Therapieansätze: Chancen auf Besserung
Doch wie kann man von Kleptomanie betroffenen Personen helfen und was zeichnet diese psychische Erkrankung aus? Roland Hog ist Psychotherapeut in der Neuropsychiatrie des Zentrums für Psychiatrie in Zwiefalten. Während seiner beruflichen Laufbahn therapierte er bereits Kleptomaniepatient*innen.
Der Unterschied zwischen gelegentlichem Stehlen und Kleptomanie ist aus Sicht von Hog enorm groß. Kleptomanie weise einen sehr spezifischen Ablauf auf, welcher sich vor allem durch die emotionalen Phasen während des Tatvorgangs auszeichne. Menschen mit Kleptomanie stehlen nicht aus Eigenbedarf. Aus Scham verstecken, verschenken oder entsorgen sie ihr Diebesgut.
Die Diagnose von Kleptomanie gestalte sich aufgrund ihrer Seltenheit als herausfordernd. Durch die enorme Scham für ihre Taten suchen nur wenige Betroffene den Weg zu einem Psychologen, weshalb die genaue Zahl der Kleptoman*innen nicht bekannt ist. Im Gegensatz zu anderen psychischen Erkrankungen gibt es keine spezifischen Testverfahren für diese Störung. Eine Diagnose sei daher nur im Ausschlussverfahren möglich. Bei Nichtvorliegen von Psychosen, Persönlichkeitsstörungen, Depressionen, Traumata oder Suchterkrankungen, erscheine eine Kleptomanie immer wahrscheinlicher. Bei solchen Erkrankungen können ähnliche Symptome auftreten, die meist aber keine Kleptomanie darstellen. Häufig wird das Problem erst erkannt, wenn bereits Strafanzeigen wegen Diebstahls vorliegen. Hog erinnert sich an einen Fall, in dem bereits über 1.000 Strafanzeigen gegen die betroffene Person vorlagen.

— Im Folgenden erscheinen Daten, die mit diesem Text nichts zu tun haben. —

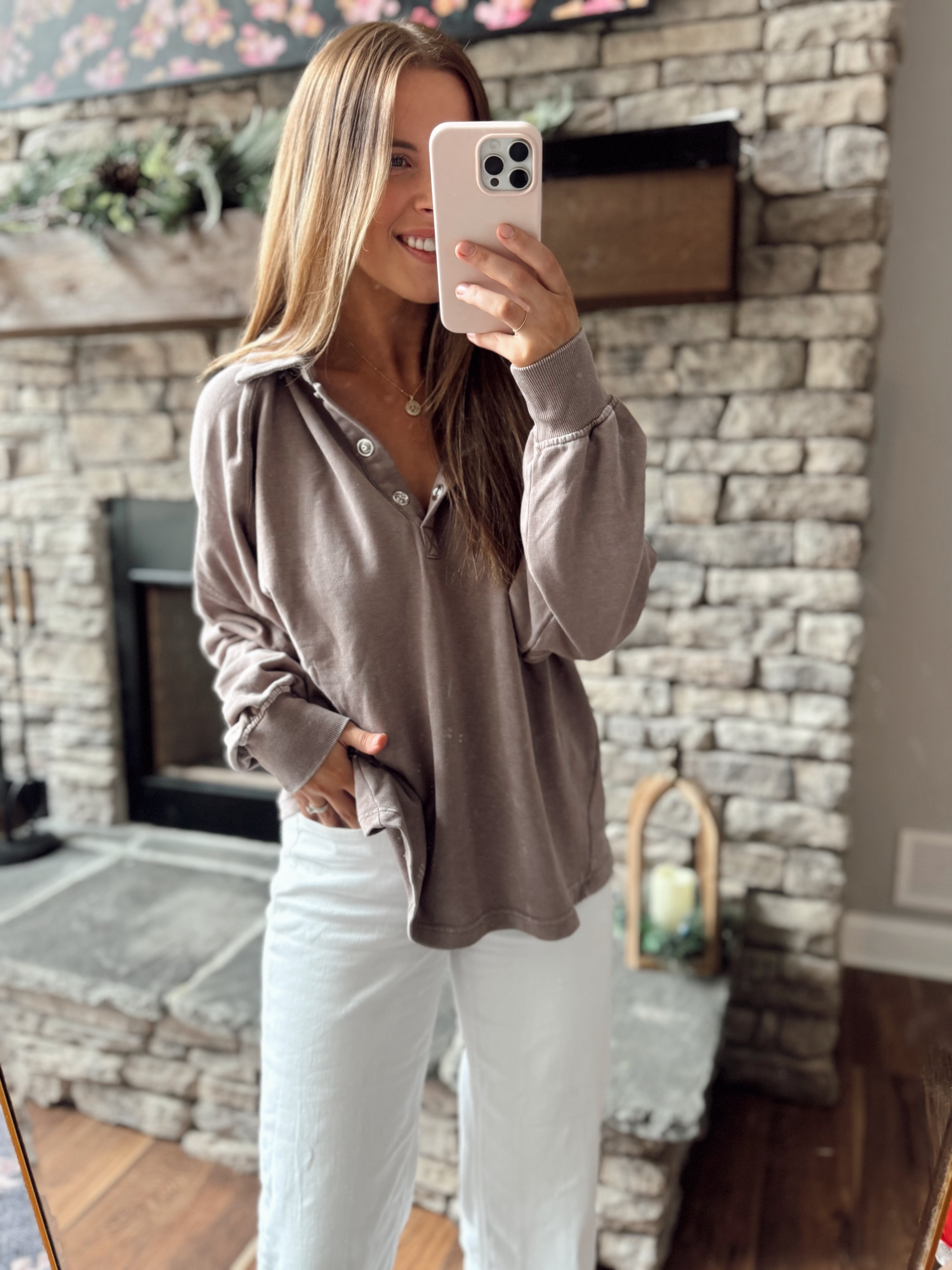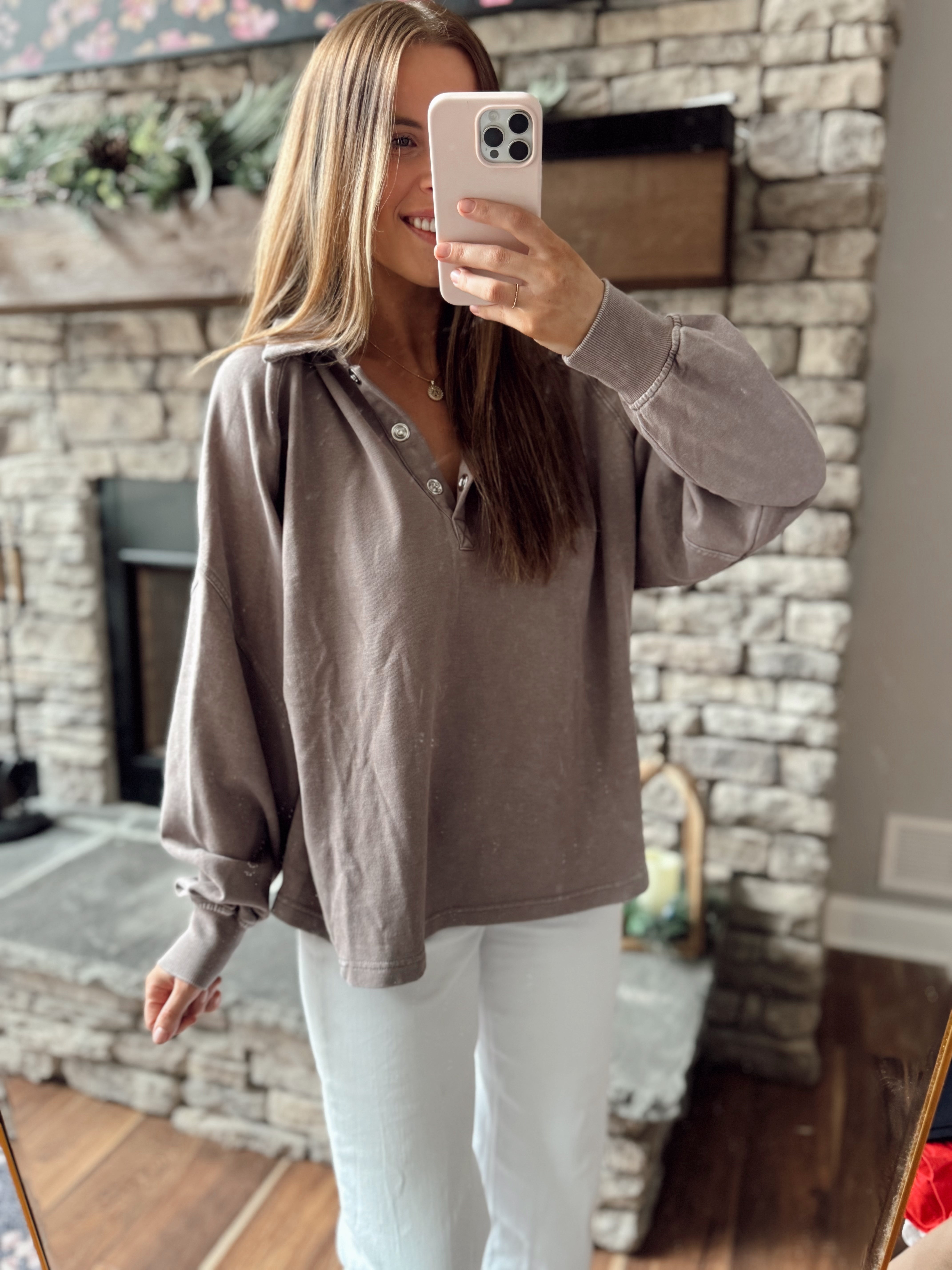 Mocha Casual Outing Mineral Washed Polo Sweatshirt

Es sei möglich, Kleptomanie zu behandeln. Ein Behandlungsansatz hierfür wäre beispielsweise die Verhaltenstherapie. Während der Therapiesitzung werden Patient*innen mit ihren emotionalen Zuständen konfrontiert, um das eigene Verhalten besser zu kontrollieren und negative Folgen zu vermeiden.
Hog berichtet von zwei Patient*innen, bei denen die Kleptomanie aus Angst vor ihrem Trauma und dem Gefühl mangelnder Freiheit entstand. Die Betroffenen hatten ein starkes Schamgefühl und litten unter schlechtem Gewissen. Sie wurden mehrfach wegen Diebstahl angezeigt und standen fast vor einer Einweisung in eine forensische psychiatrische Einrichtung für Straftäter. Ihre Familien versuchten der Erkrankung durch Regeln entgegenzuwirken. Die Auswirkungen der Kleptomanie gehen weit über das Verhalten der Betroffenen hinaus und beeinflussen das gesamte familiäre Umfeld. Das ständige Misstrauen und die Notwendigkeit von Kontrollmaßnahmen belasten sowohl die Betroffenen als auch ihre Angehörigen erheblich.
Zwar hat sich Aaron aus Scham nie zu einem Psychologen getraut, allerdings vermutet er mittlerweile selbst, dass er kleptomanische Züge aufweist. Trotz des Wissens um Therapiemöglichkeiten verzichtet Aaron weiterhin auf professionelle Hilfe. Er vertraut darauf, sein Problem eigenständig zu bewältigen und hofft auf eine Verbesserung ohne externe Unterstützung.
Die Redakteurin steht in freundschaftlicher Beziehung zu dem Protagonisten Aaron.
Der Name des Protagonisten Aaron wurde geändert. Die Identität ist der Redaktion bekannt.